Supergirl  is a 1973 Filipino film directed by Howard Petersen. The film stars Pinky Montilla as the titular superhero.

Cast
 Pinky Montilla as Neneng / Supergirl
 Walter Navarro
 Barbara Perez
 Liza Lorena
 Nick Romano
 Ike Lozada
 Mildred Ortega
 Jhoanna Garcia
 Cloyd Robinson
 Odette Khan
 Enrico Villa
 Bernard Calaguas
 Max Rojo
 Cita del Rosario
 Rodin Rodriguez
 Tanay Boys stuntmen

Story
Neneng (Pinky Montilla) together with blind elder sister (Mildred Ortega) and kid brother live in a coastal town frequented by pirates. After invasion of pirates one night which got townfolks' belongings, Neneng was given a ring by a fairy (Barbara Perez). The ring afforded her to transform to Supergirl which enabled her to fly and have superpowers. Meanwhile, a mad scientist (Odette Khan) and her daughter (Djohanna Garcia) settled in the same town with the prospect of bringing back to life dead people including Cesar (Walter Navarro), her daughter's boyfriend.

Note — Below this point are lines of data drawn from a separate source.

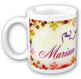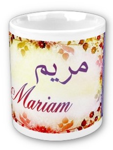 Mug avec le prénom Mariam calligraphié en arabe (مريم) ainsi que son épellation lettre par lettre en arabe.
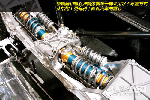 One-77所搭载的V12发动机几乎达到赛车的水准,同样和赛车类似的还有其悬挂布置方式。减震器和螺旋弹簧采用GT赛车常用的水平布置方式,从结构上更有利于降低汽车重心。极为宽大的倍耐力P Zero Corsa轮胎为这款750马力的跑车提供了充足的抓地能力,配合赛车级别的悬挂设定更是让它具有极为凌厉的操控水准。
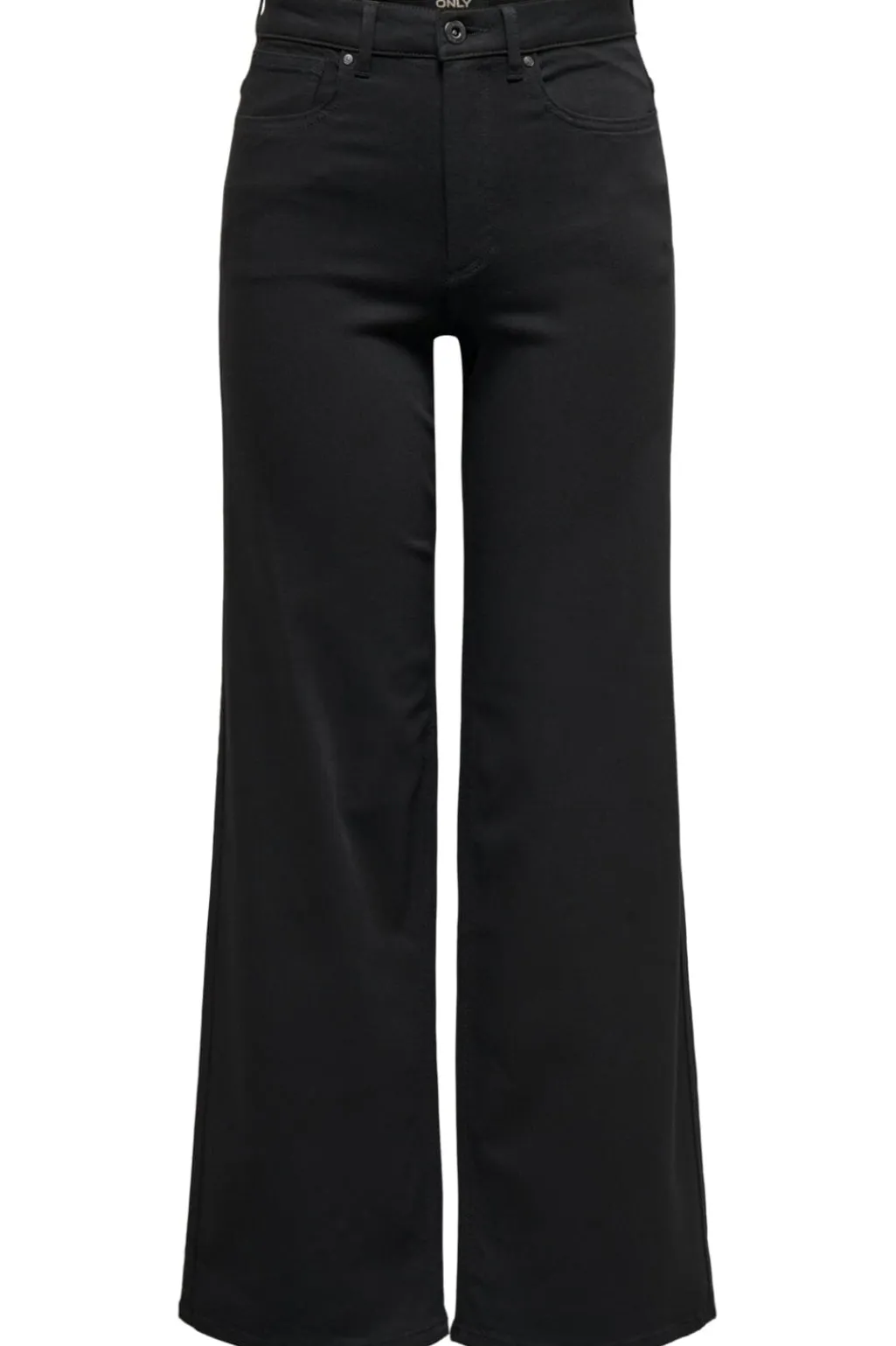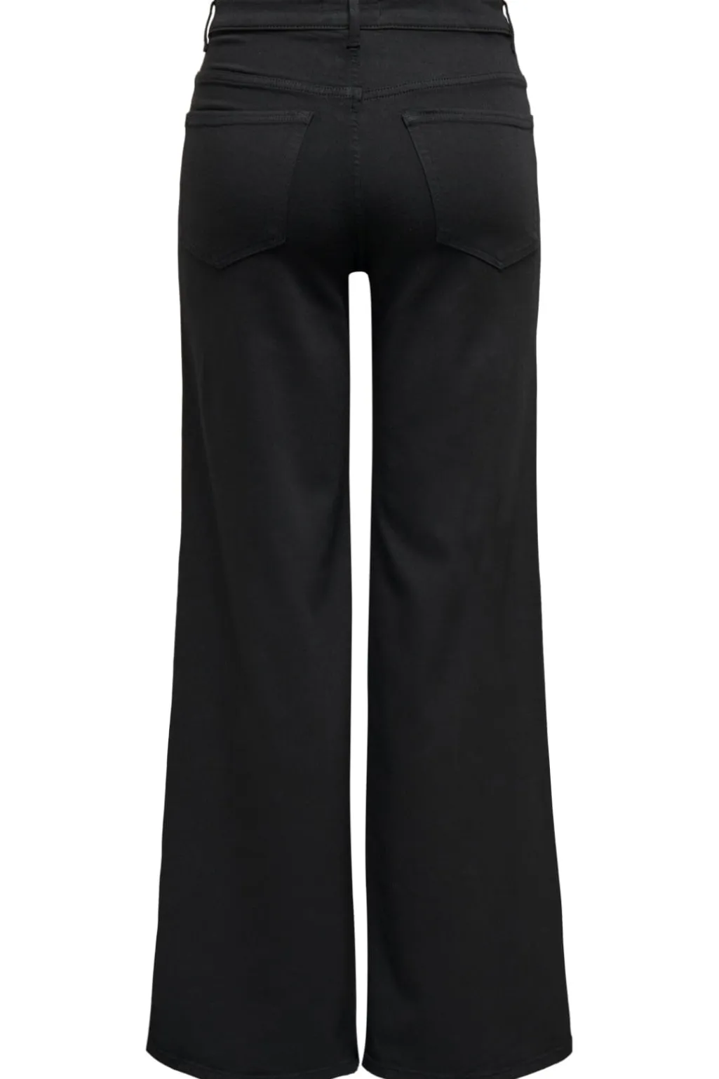 Sorte denimbukser fra Only med høj talje og brede ben. Bukserne har for- og baglommer samt bæltestropper i taljen og lukkes med lynlås i gylpen.
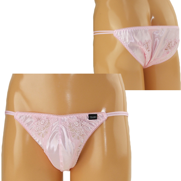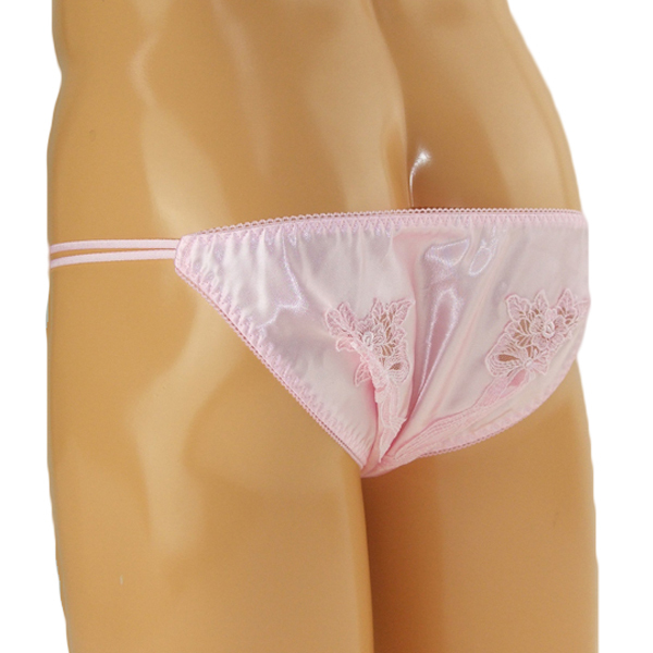 可愛いもの好きな男性に!光沢生地と花柄刺繍が美しい日本製フルバック(ピンク)。艶やかな伸縮性のあるストレッチ生地と透け感のある花柄レースが下半身をエレガントに飾る♪レースの隙間からうっすらと見える素肌にも注目の一枚。女装下着としても是非どうぞ!
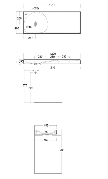 REMAL Umywalka podwieszana & nablatowa 121 x 46 cm R blat z prawej strony z otworem na baterię MICA WHITE
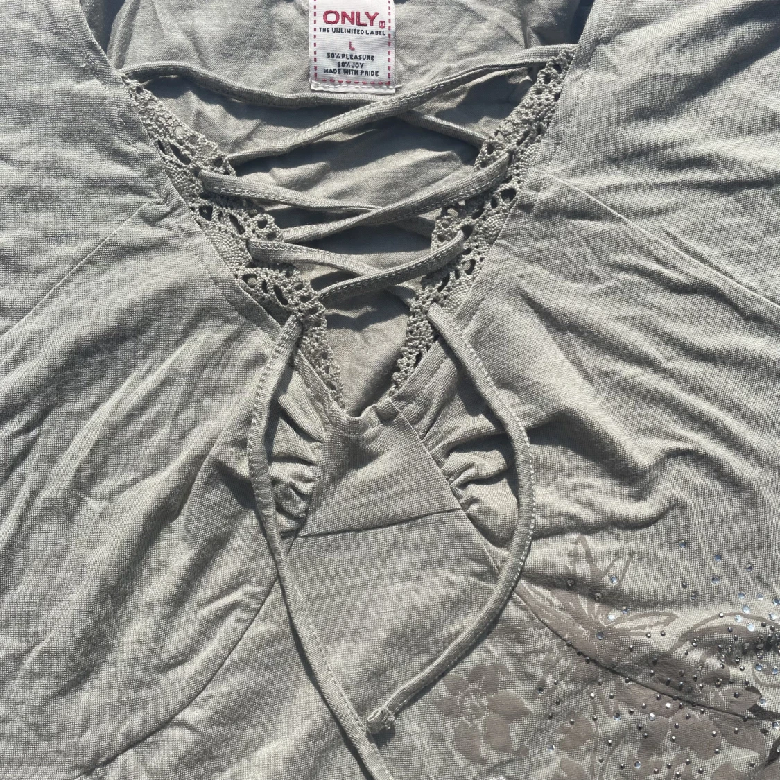 Y2k tshirt från Only i stl L💗stretchigt typ med knytning vid necklinen🫶 I fint skick Kolla gärna in mina andra annonser

Experimenting first on a dead frog, the scientist thought that her experiment was a failure. But the frog didn't just come back to life, it also grew to an enormous size. The giant frog wreaks havoc on the townsfolk, but Supergirl came to the rescue. Many people died including her blind sister and fiancé (Nick Romano). One time, Cesar came back to life and walked out of the scientist's house and reached Neneng's house. The girlfriend and the mom-scientist followed immediately and made a scene. The townfolks surrounded them and plan to kill both of them but were able to secure themselves in their house. This made the scientist very mad and vowed revenge by bringing back to life the dead people of the town to kill the living. Supergirl was able to stop all of them, including the mad scientist in a duel atop the church.